__PROBLEM__.
Each of the entries below is to be written out exactly, and the images skipped.

[[ TASK DATA open ]]

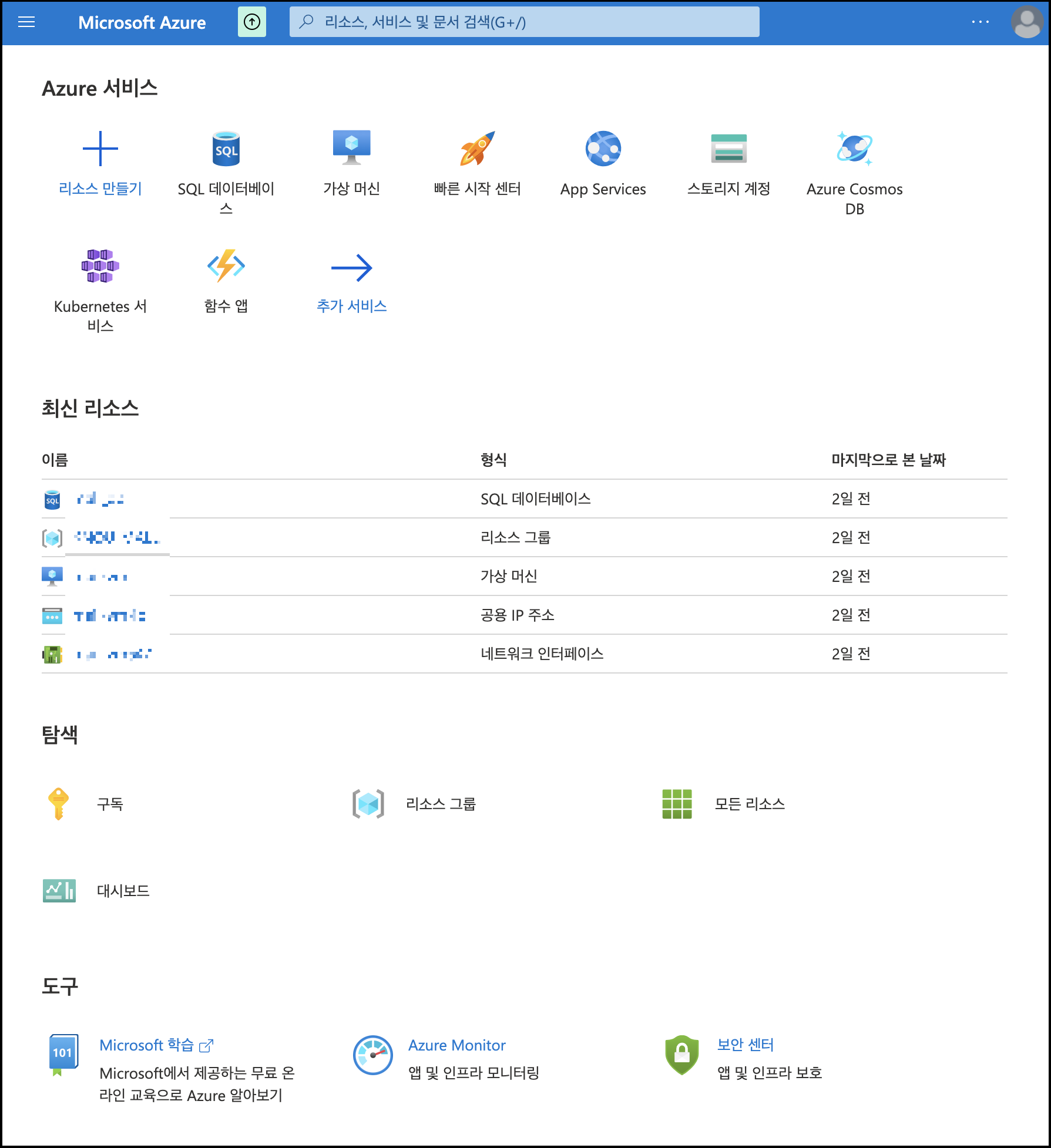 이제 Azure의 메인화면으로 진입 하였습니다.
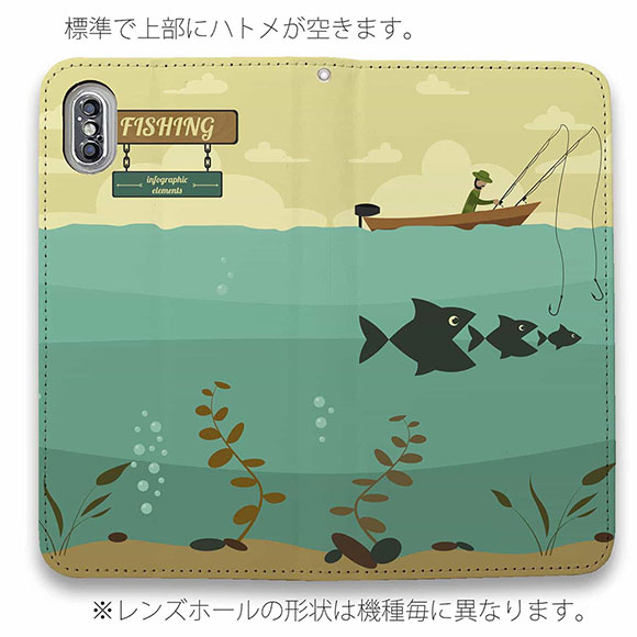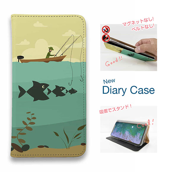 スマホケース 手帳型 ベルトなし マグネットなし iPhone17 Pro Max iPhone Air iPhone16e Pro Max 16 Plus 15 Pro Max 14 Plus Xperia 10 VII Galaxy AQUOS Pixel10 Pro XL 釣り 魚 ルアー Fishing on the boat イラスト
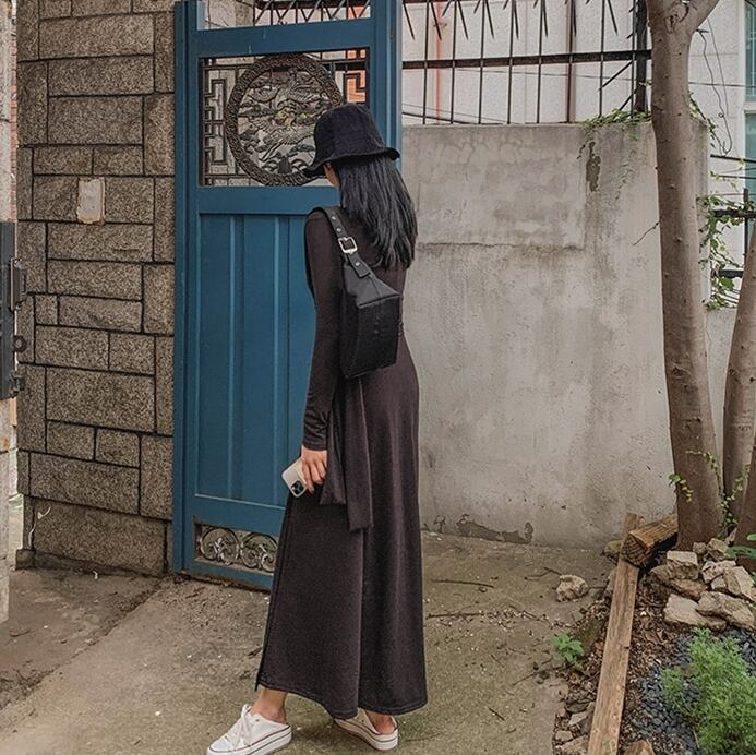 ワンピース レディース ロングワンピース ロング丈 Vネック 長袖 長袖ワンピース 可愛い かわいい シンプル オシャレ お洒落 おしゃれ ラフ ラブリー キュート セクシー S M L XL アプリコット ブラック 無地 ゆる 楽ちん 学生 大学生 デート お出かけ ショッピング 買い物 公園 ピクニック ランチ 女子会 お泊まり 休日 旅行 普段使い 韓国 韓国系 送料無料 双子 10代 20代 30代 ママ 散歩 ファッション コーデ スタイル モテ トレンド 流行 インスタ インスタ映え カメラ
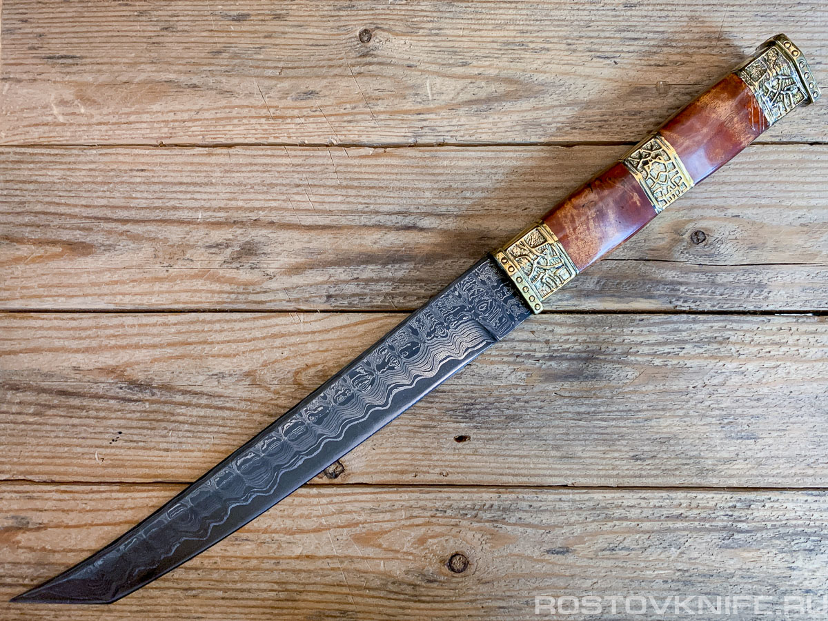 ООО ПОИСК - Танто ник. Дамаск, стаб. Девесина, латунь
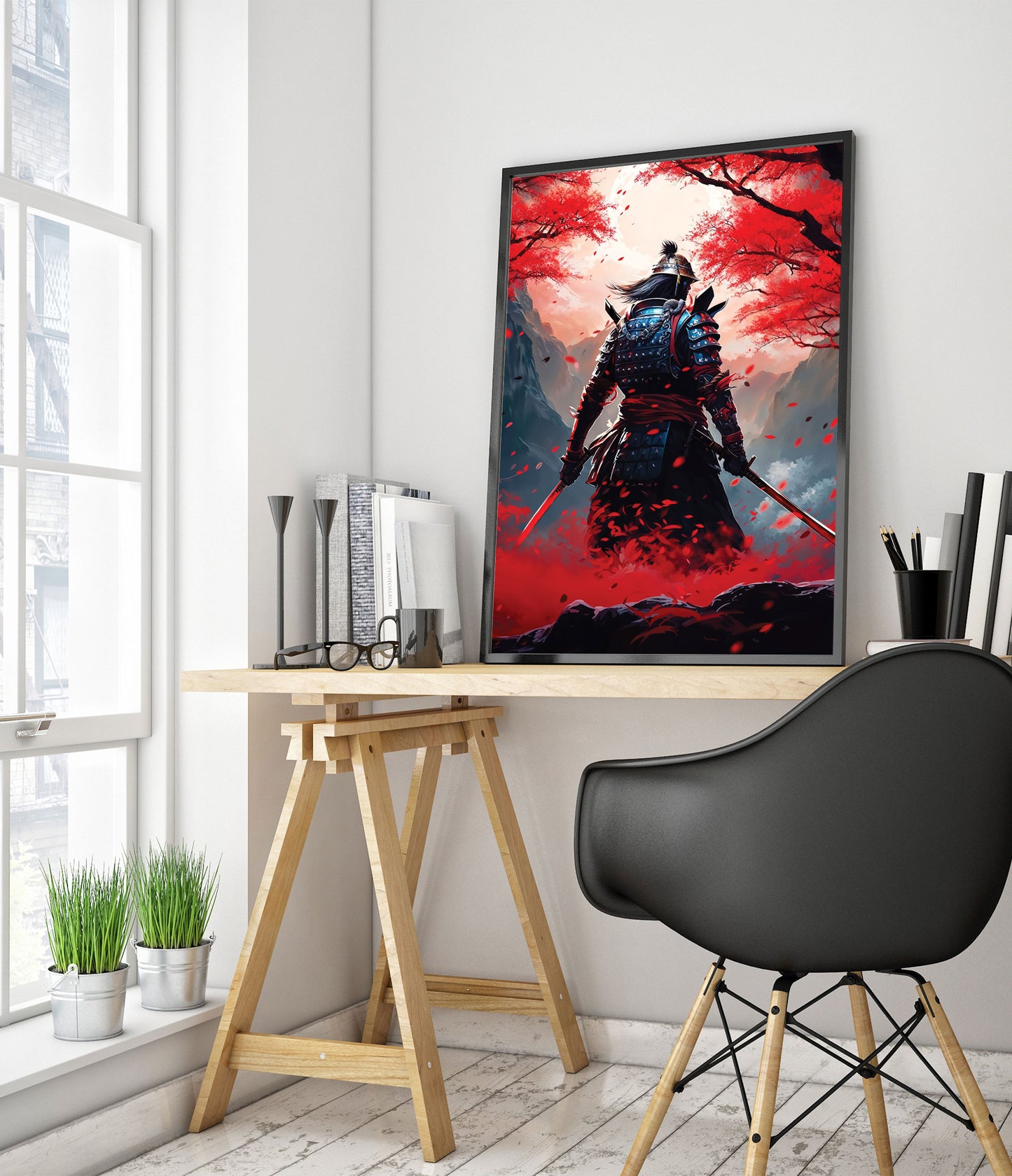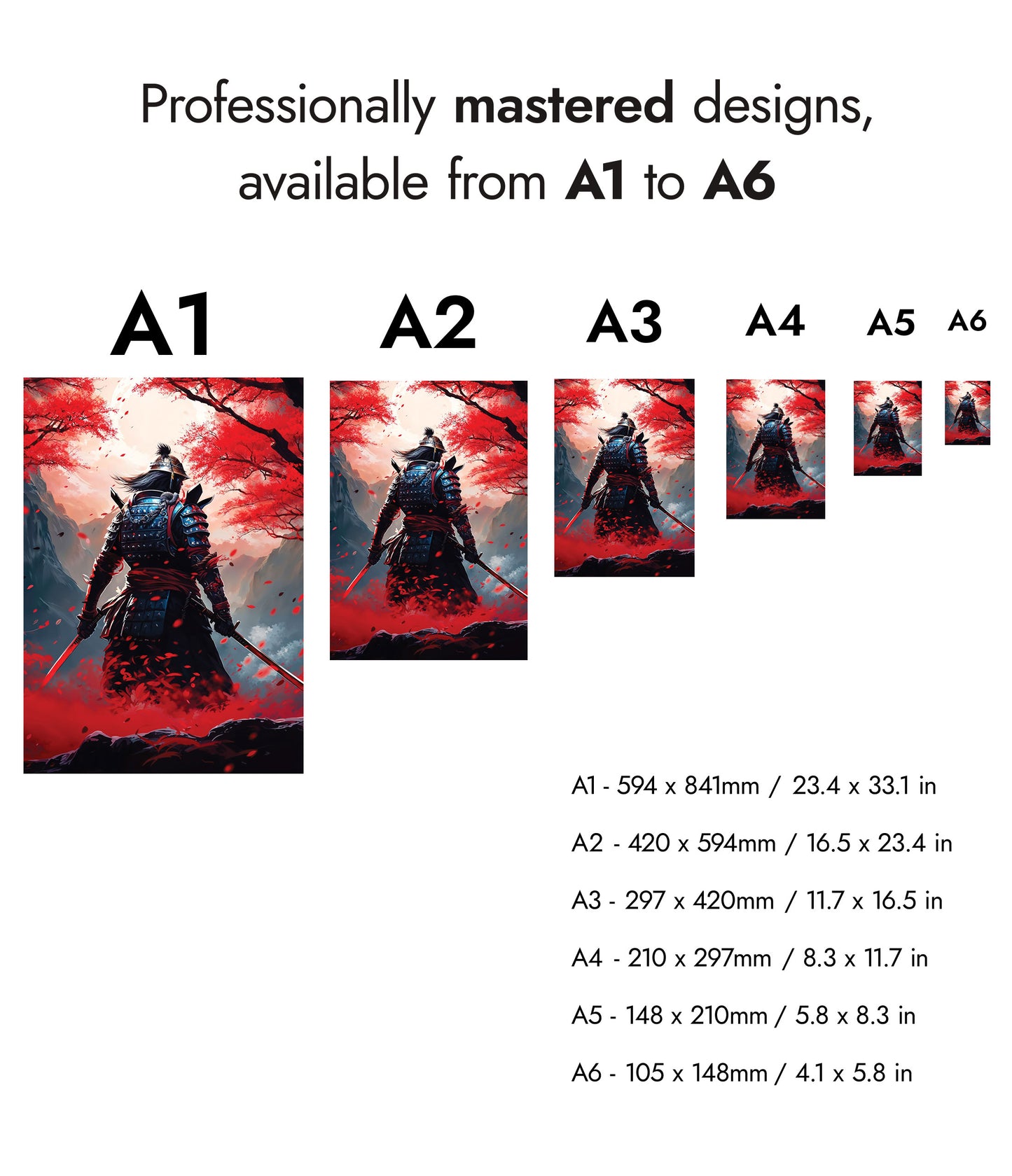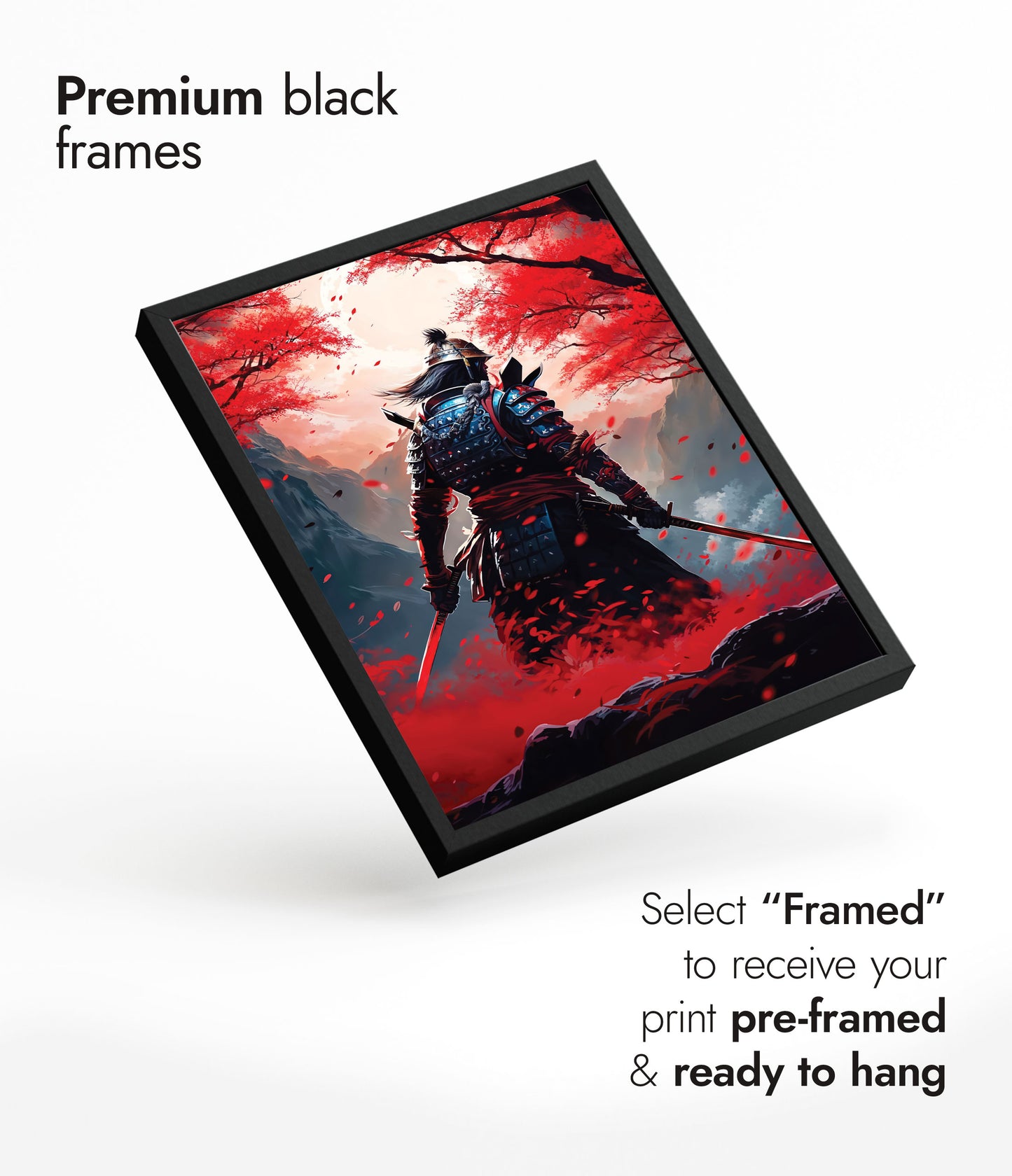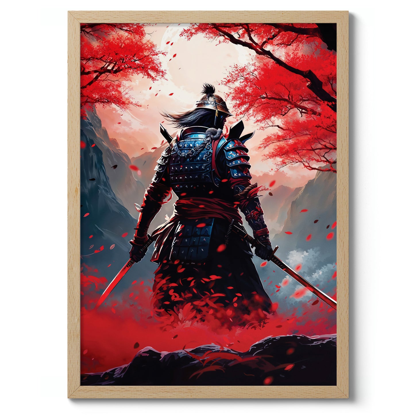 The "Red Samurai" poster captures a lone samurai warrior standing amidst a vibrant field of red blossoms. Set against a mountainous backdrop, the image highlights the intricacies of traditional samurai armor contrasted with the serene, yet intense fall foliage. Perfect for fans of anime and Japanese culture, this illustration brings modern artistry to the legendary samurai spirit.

[[ TASK DATA closed ]]

__COMPLETED TASK__.
 이제 Azure의 메인화면으로 진입 하였습니다.
 スマホケース 手帳型 ベルトなし マグネットなし iPhone17 Pro Max iPhone Air iPhone16e Pro Max 16 Plus 15 Pro Max 14 Plus Xperia 10 VII Galaxy AQUOS Pixel10 Pro XL 釣り 魚 ルアー Fishing on the boat イラスト
 ワンピース レディース ロングワンピース ロング丈 Vネック 長袖 長袖ワンピース 可愛い かわいい シンプル オシャレ お洒落 おしゃれ ラフ ラブリー キュート セクシー S M L XL アプリコット ブラック 無地 ゆる 楽ちん 学生 大学生 デート お出かけ ショッピング 買い物 公園 ピクニック ランチ 女子会 お泊まり 休日 旅行 普段使い 韓国 韓国系 送料無料 双子 10代 20代 30代 ママ 散歩 ファッション コーデ スタイル モテ トレンド 流行 インスタ インスタ映え カメラ
 ООО ПОИСК - Танто ник. Дамаск, стаб. Девесина, латунь
 The "Red Samurai" poster captures a lone samurai warrior standing amidst a vibrant field of red blossoms. Set against a mountainous backdrop, the image highlights the intricacies of traditional samurai armor contrasted with the serene, yet intense fall foliage. Perfect for fans of anime and Japanese culture, this illustration brings modern artistry to the legendary samurai spirit.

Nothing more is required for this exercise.